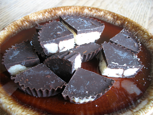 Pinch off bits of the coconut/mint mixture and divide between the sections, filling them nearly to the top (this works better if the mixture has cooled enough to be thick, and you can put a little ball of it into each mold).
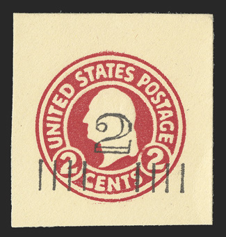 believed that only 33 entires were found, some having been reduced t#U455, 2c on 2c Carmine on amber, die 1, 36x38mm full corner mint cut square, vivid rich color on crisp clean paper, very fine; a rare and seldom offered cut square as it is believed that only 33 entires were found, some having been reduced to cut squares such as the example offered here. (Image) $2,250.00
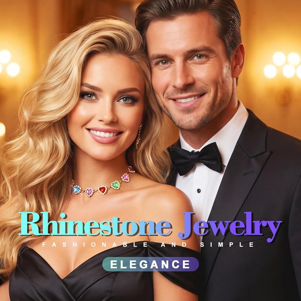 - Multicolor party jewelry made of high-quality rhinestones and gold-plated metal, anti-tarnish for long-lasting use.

------------------------------------------------

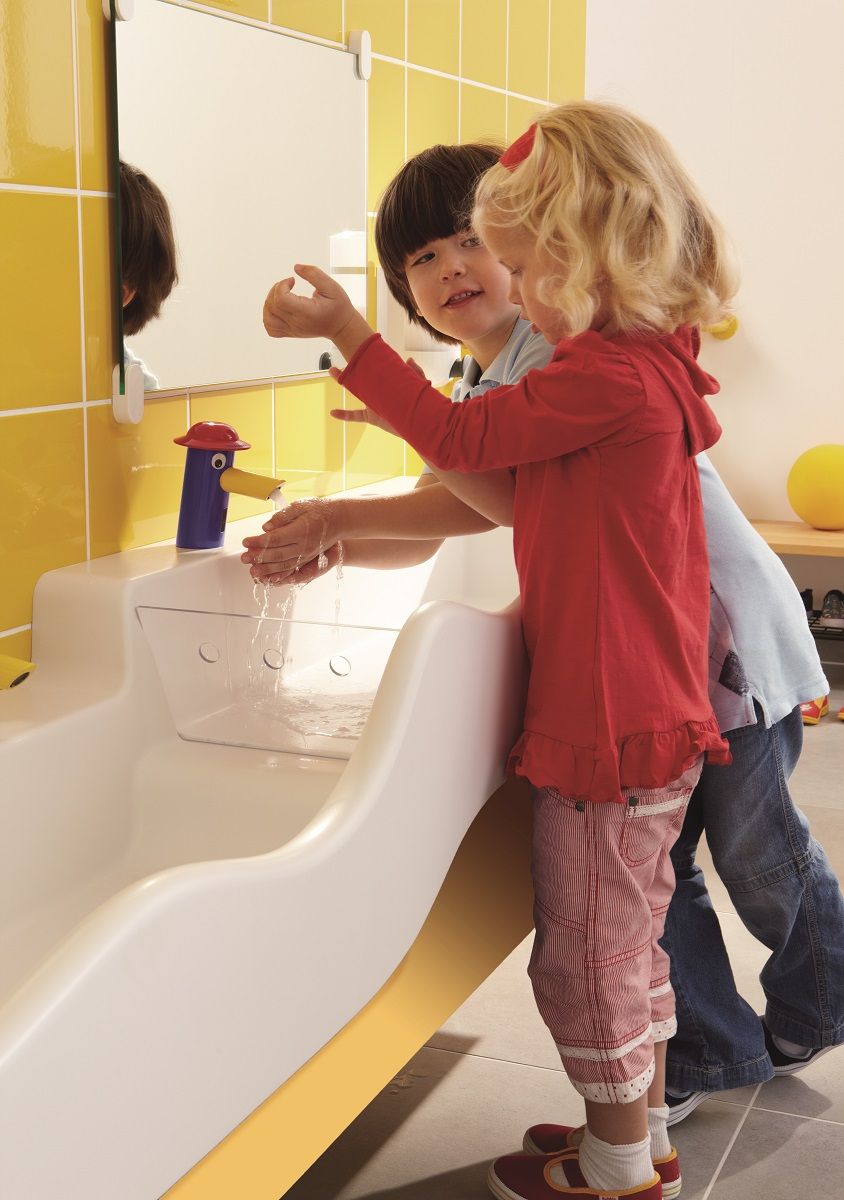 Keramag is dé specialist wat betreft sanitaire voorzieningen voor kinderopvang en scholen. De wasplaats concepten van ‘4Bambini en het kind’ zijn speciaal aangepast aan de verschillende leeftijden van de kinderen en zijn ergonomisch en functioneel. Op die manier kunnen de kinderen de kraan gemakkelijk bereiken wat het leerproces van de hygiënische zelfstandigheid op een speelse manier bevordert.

------------------------------------------------

■ YOUR TASK:
Each line above that falls between the line with "here. (Image) $2,250.00" and the line with "- Multicolor party" should be printed exactly, together with those two lines, but the pictures should not.

■ ANSWER TO THIS EXERCISE:
 believed that only 33 entires were found, some having been reduced t#U455, 2c on 2c Carmine on amber, die 1, 36x38mm full corner mint cut square, vivid rich color on crisp clean paper, very fine; a rare and seldom offered cut square as it is believed that only 33 entires were found, some having been reduced to cut squares such as the example offered here. (Image) $2,250.00
 - Multicolor party jewelry made of high-quality rhinestones and gold-plated metal, anti-tarnish for long-lasting use.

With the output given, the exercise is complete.